(Records excerpted from a collection)

-*-

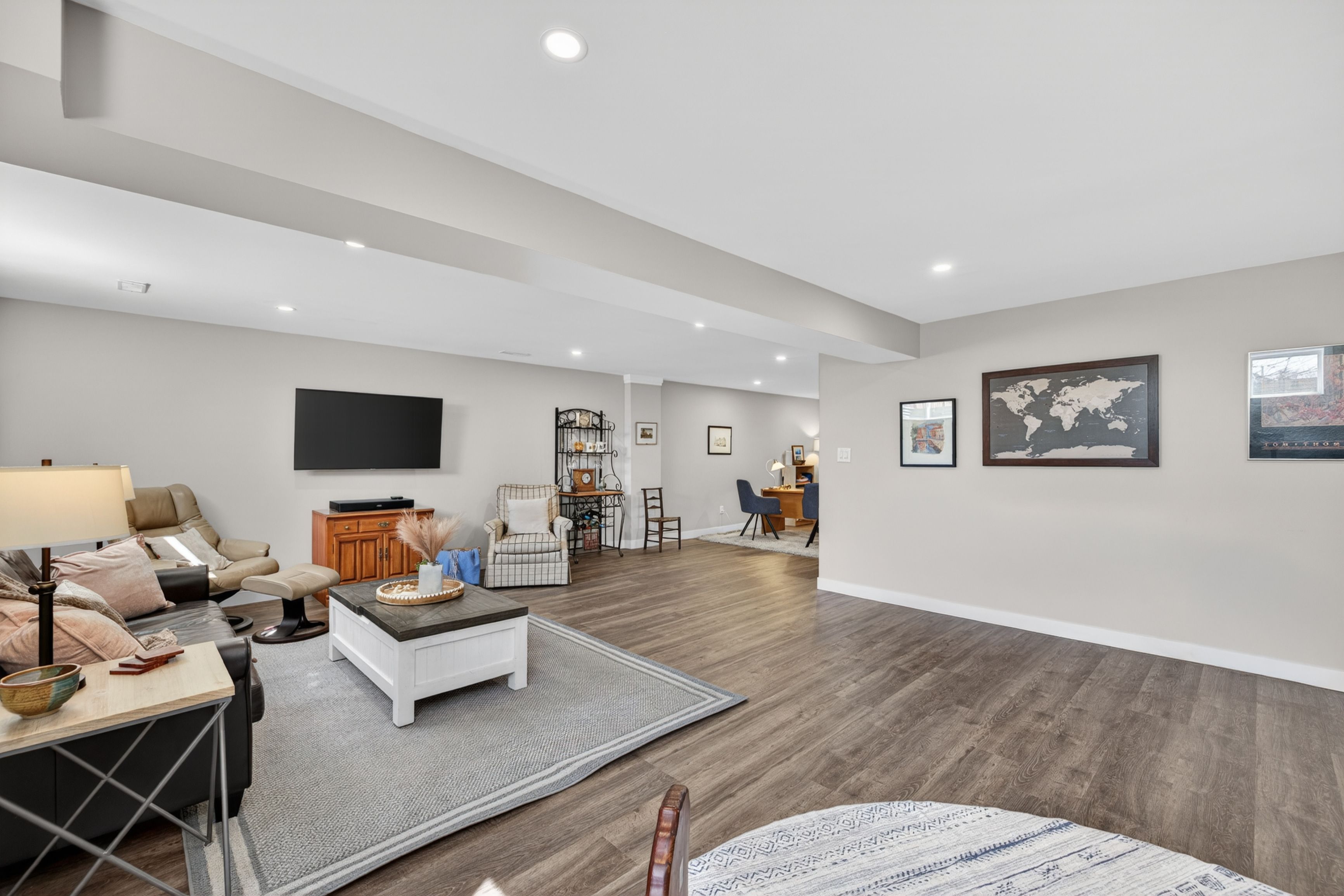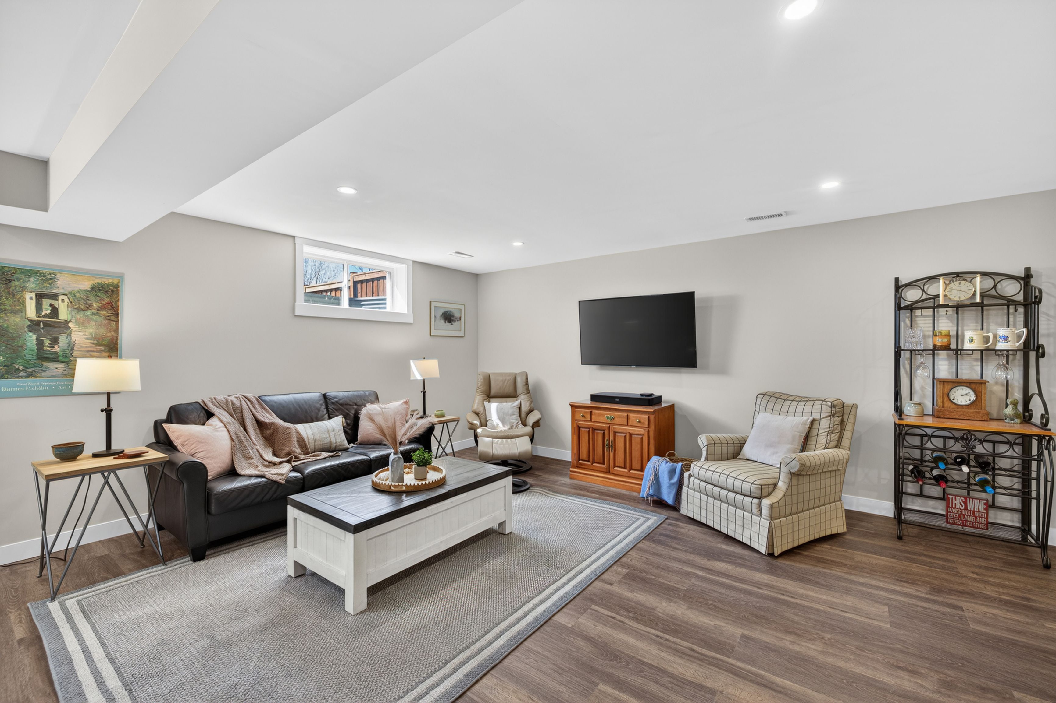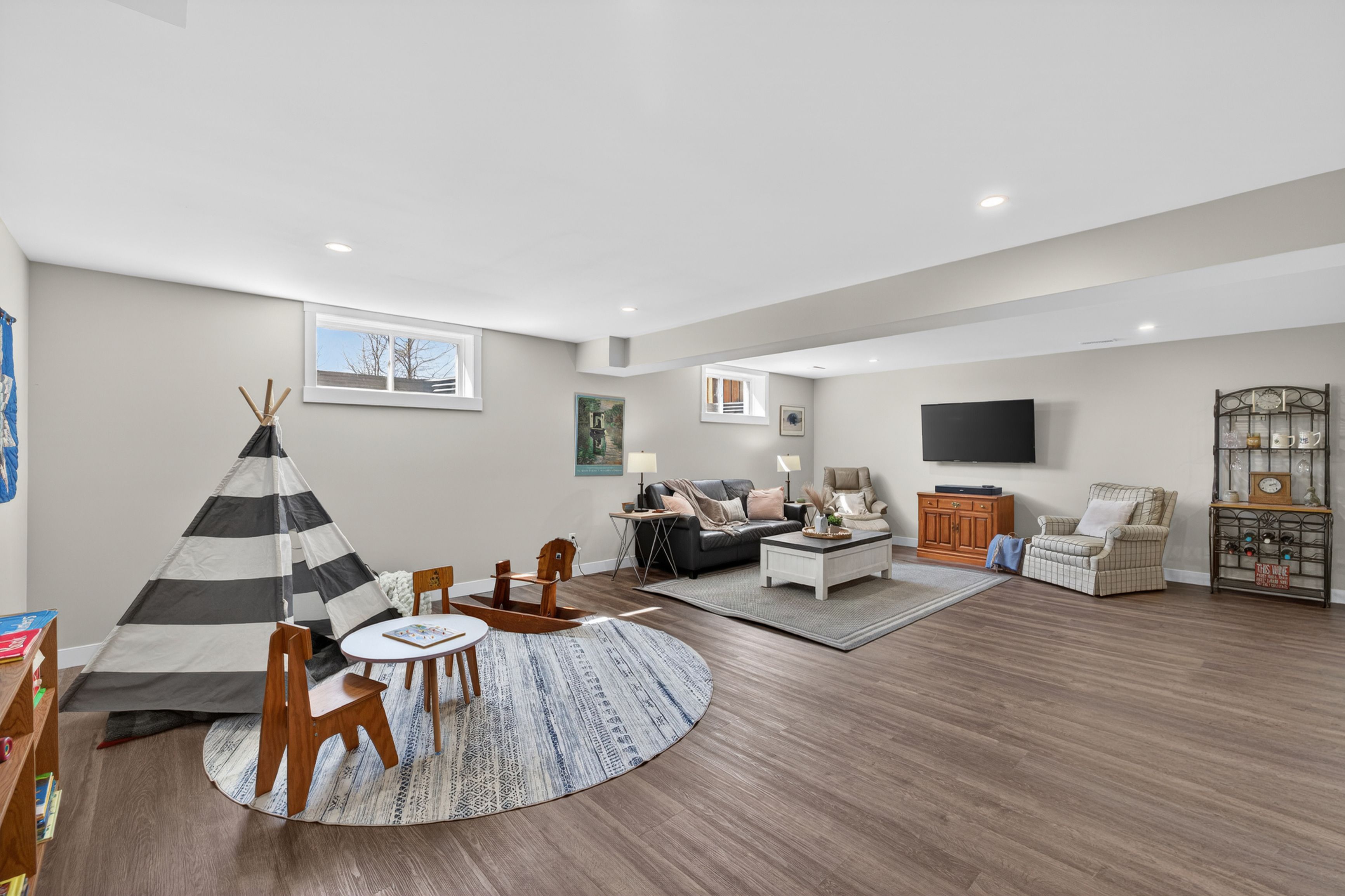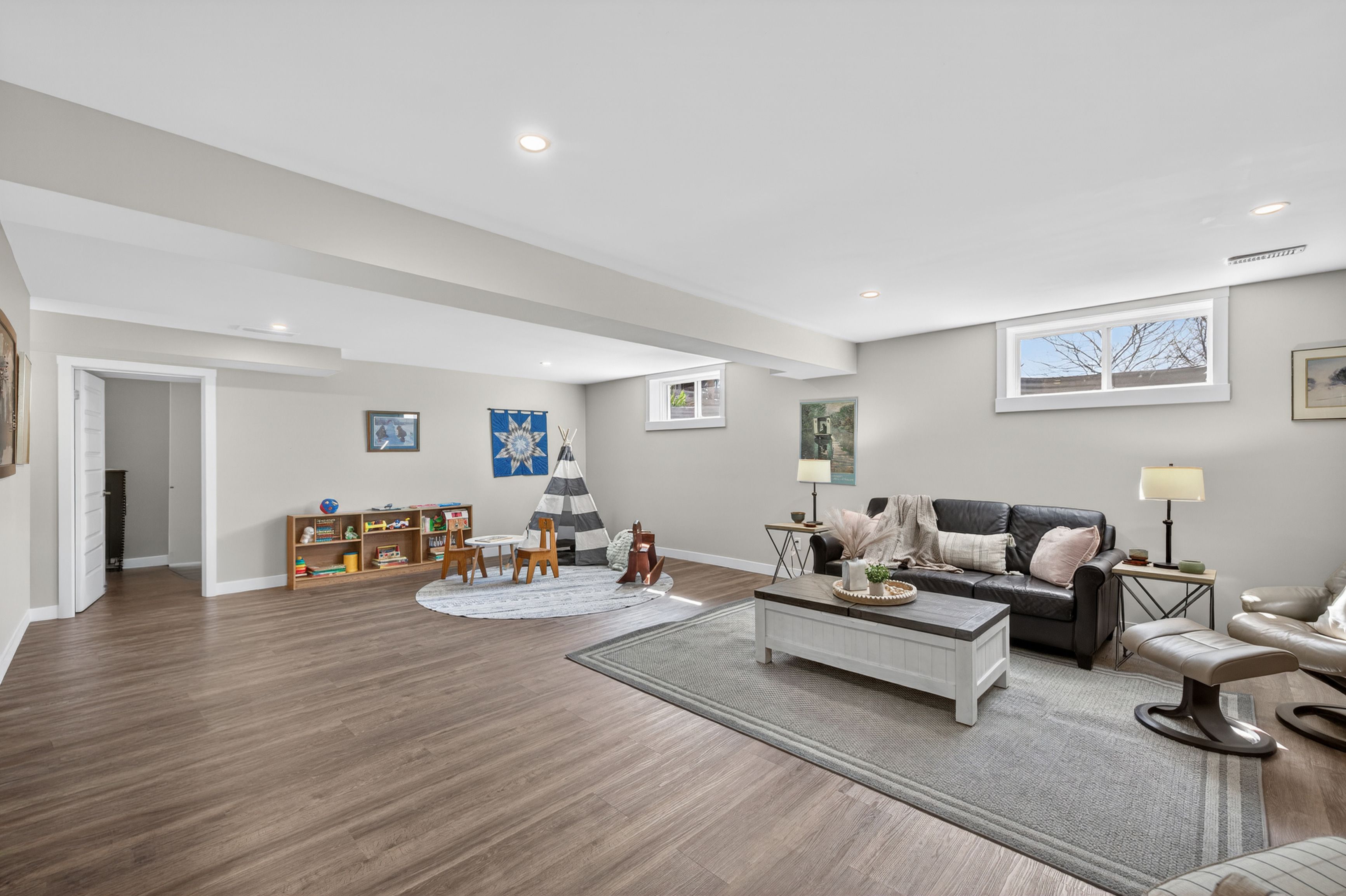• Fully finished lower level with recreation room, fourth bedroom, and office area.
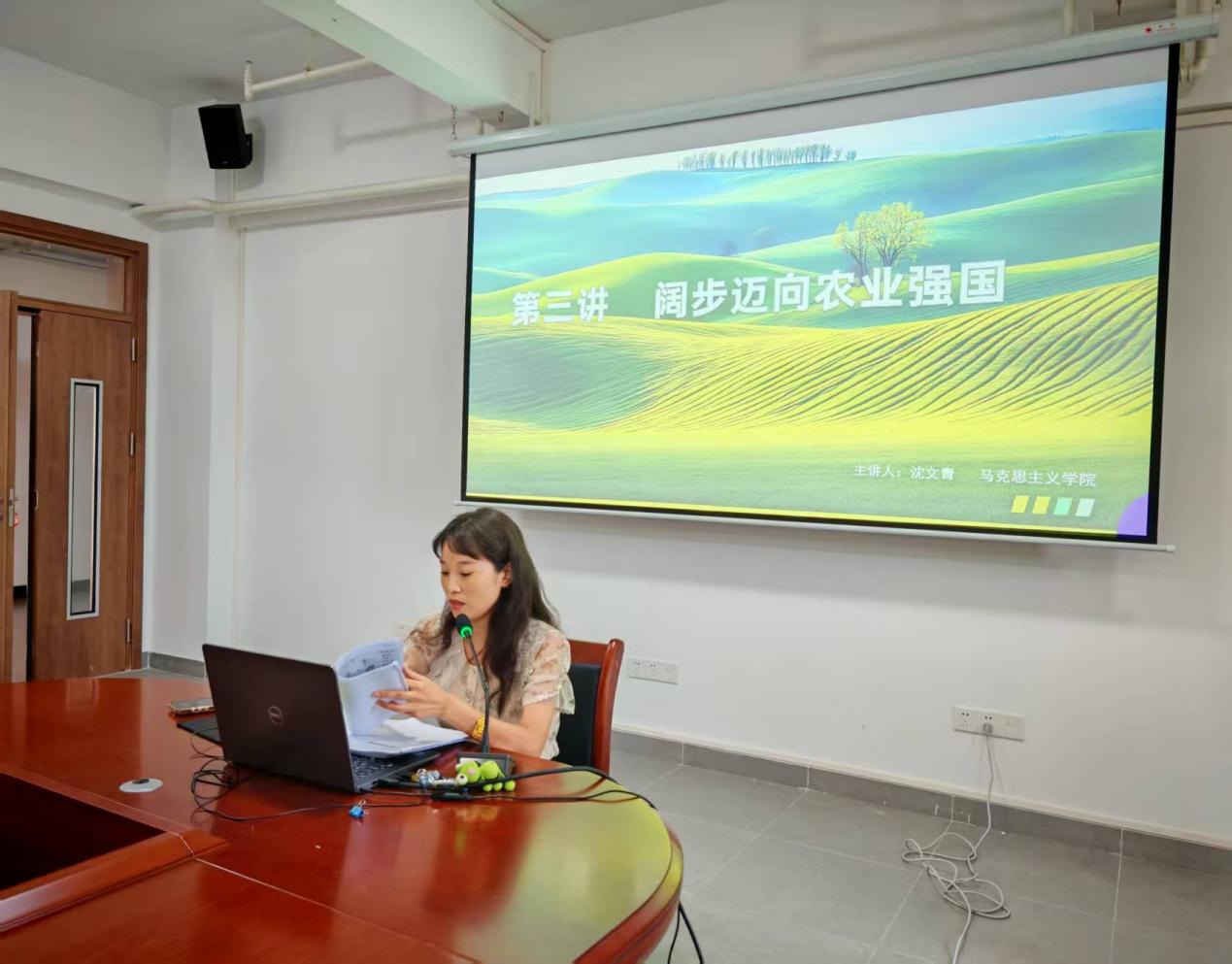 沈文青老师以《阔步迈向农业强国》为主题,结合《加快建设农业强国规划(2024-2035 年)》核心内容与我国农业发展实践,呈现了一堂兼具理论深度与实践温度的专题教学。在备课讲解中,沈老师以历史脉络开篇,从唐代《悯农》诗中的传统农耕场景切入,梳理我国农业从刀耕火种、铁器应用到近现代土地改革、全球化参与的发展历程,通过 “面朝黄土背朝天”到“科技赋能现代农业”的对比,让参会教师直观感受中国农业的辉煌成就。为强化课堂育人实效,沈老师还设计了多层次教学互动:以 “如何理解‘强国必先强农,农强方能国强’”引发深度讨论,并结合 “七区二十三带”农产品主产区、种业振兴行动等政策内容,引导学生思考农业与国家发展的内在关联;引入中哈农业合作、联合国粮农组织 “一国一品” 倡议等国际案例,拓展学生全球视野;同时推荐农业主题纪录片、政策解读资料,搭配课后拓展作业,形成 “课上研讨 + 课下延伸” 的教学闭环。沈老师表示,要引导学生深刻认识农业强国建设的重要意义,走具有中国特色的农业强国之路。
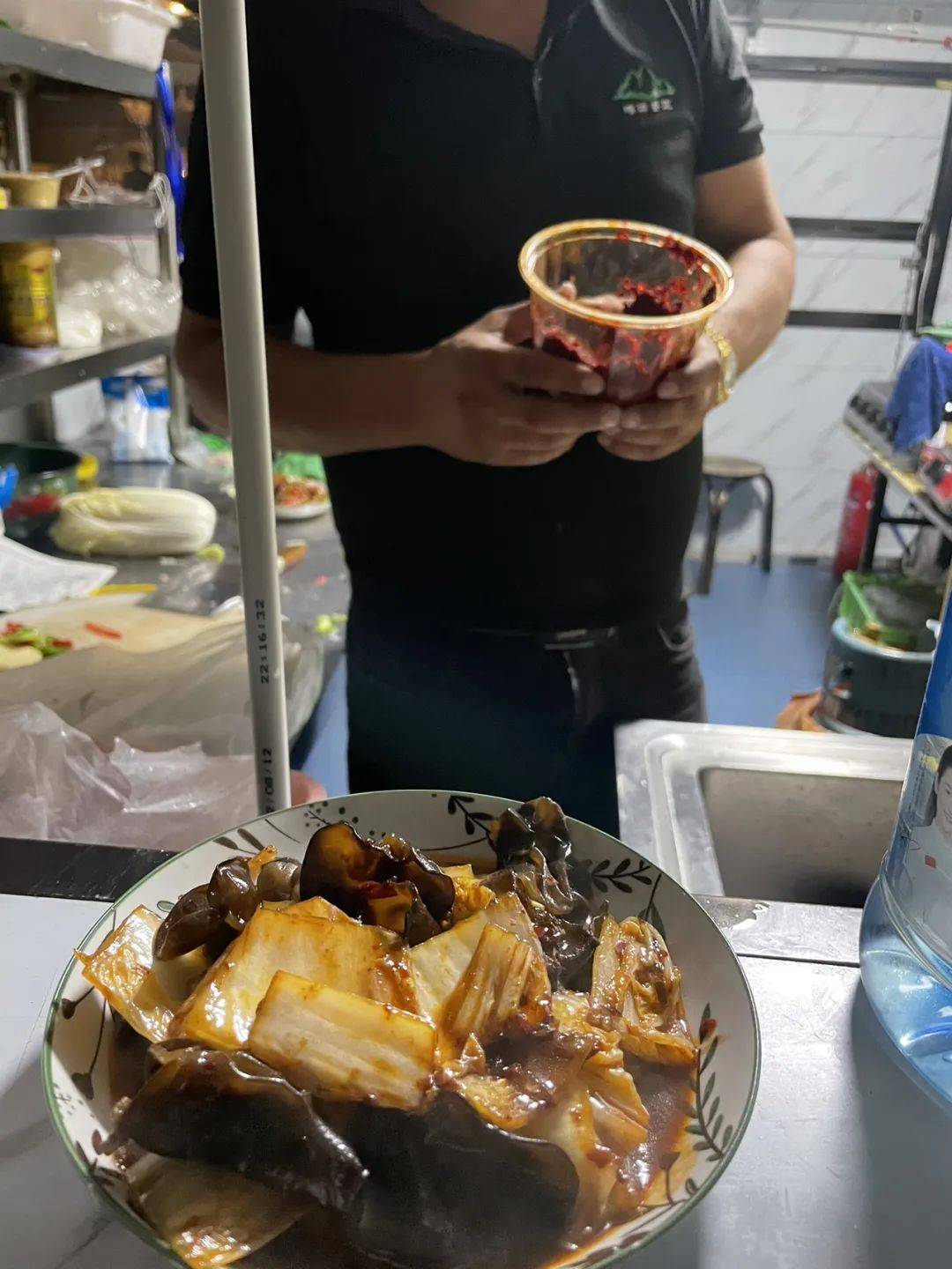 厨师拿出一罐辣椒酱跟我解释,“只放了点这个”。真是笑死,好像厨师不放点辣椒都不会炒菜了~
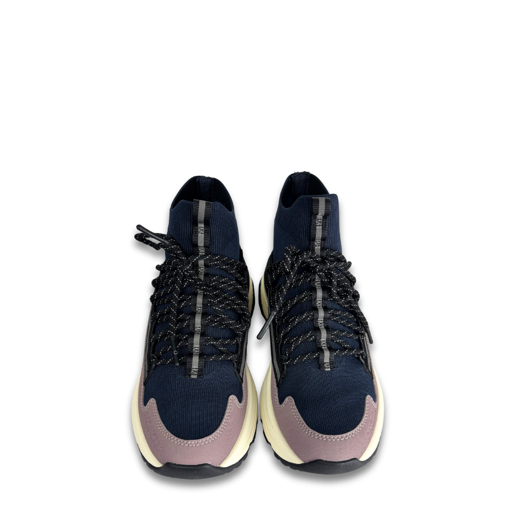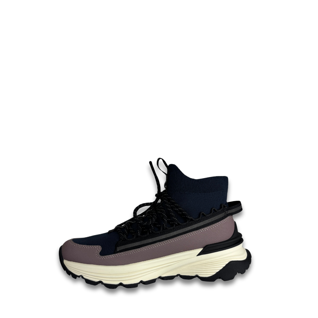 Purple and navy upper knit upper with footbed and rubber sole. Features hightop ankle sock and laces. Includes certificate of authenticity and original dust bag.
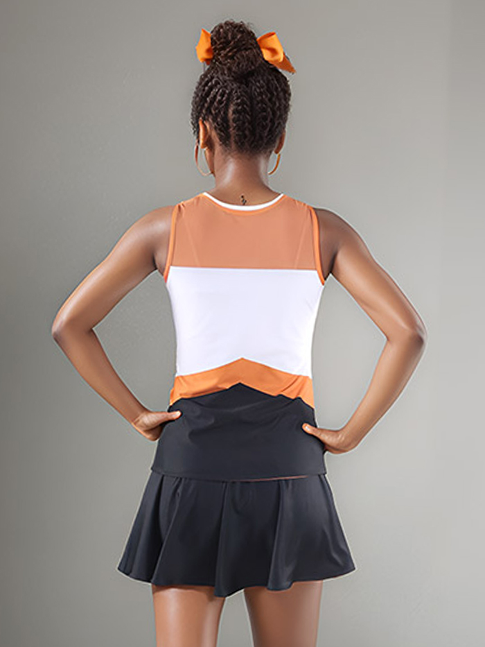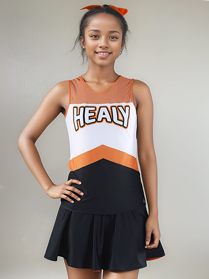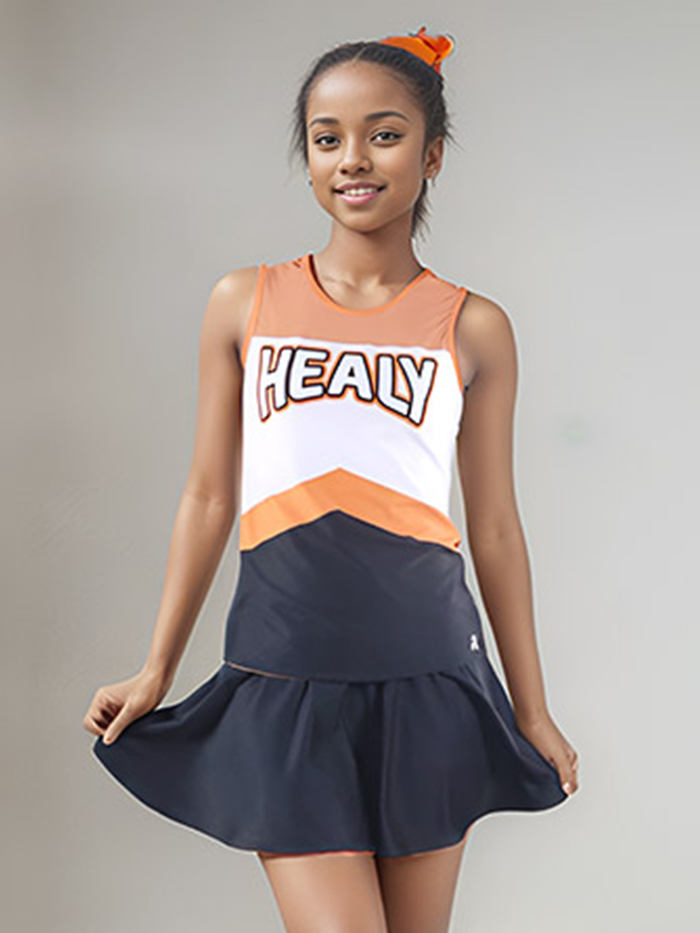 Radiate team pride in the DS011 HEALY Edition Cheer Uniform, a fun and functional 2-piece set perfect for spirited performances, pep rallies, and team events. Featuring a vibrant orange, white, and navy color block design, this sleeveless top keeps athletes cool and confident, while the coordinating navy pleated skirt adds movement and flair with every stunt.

-*-

A verbatim copy of the data, with all pictures omitted, is the required output.

• Fully finished lower level with recreation room, fourth bedroom, and office area.
 沈文青老师以《阔步迈向农业强国》为主题,结合《加快建设农业强国规划(2024-2035 年)》核心内容与我国农业发展实践,呈现了一堂兼具理论深度与实践温度的专题教学。在备课讲解中,沈老师以历史脉络开篇,从唐代《悯农》诗中的传统农耕场景切入,梳理我国农业从刀耕火种、铁器应用到近现代土地改革、全球化参与的发展历程,通过 “面朝黄土背朝天”到“科技赋能现代农业”的对比,让参会教师直观感受中国农业的辉煌成就。为强化课堂育人实效,沈老师还设计了多层次教学互动:以 “如何理解‘强国必先强农,农强方能国强’”引发深度讨论,并结合 “七区二十三带”农产品主产区、种业振兴行动等政策内容,引导学生思考农业与国家发展的内在关联;引入中哈农业合作、联合国粮农组织 “一国一品” 倡议等国际案例,拓展学生全球视野;同时推荐农业主题纪录片、政策解读资料,搭配课后拓展作业,形成 “课上研讨 + 课下延伸” 的教学闭环。沈老师表示,要引导学生深刻认识农业强国建设的重要意义,走具有中国特色的农业强国之路。
 厨师拿出一罐辣椒酱跟我解释,“只放了点这个”。真是笑死,好像厨师不放点辣椒都不会炒菜了~
 Purple and navy upper knit upper with footbed and rubber sole. Features hightop ankle sock and laces. Includes certificate of authenticity and original dust bag.
 Radiate team pride in the DS011 HEALY Edition Cheer Uniform, a fun and functional 2-piece set perfect for spirited performances, pep rallies, and team events. Featuring a vibrant orange, white, and navy color block design, this sleeveless top keeps athletes cool and confident, while the coordinating navy pleated skirt adds movement and flair with every stunt.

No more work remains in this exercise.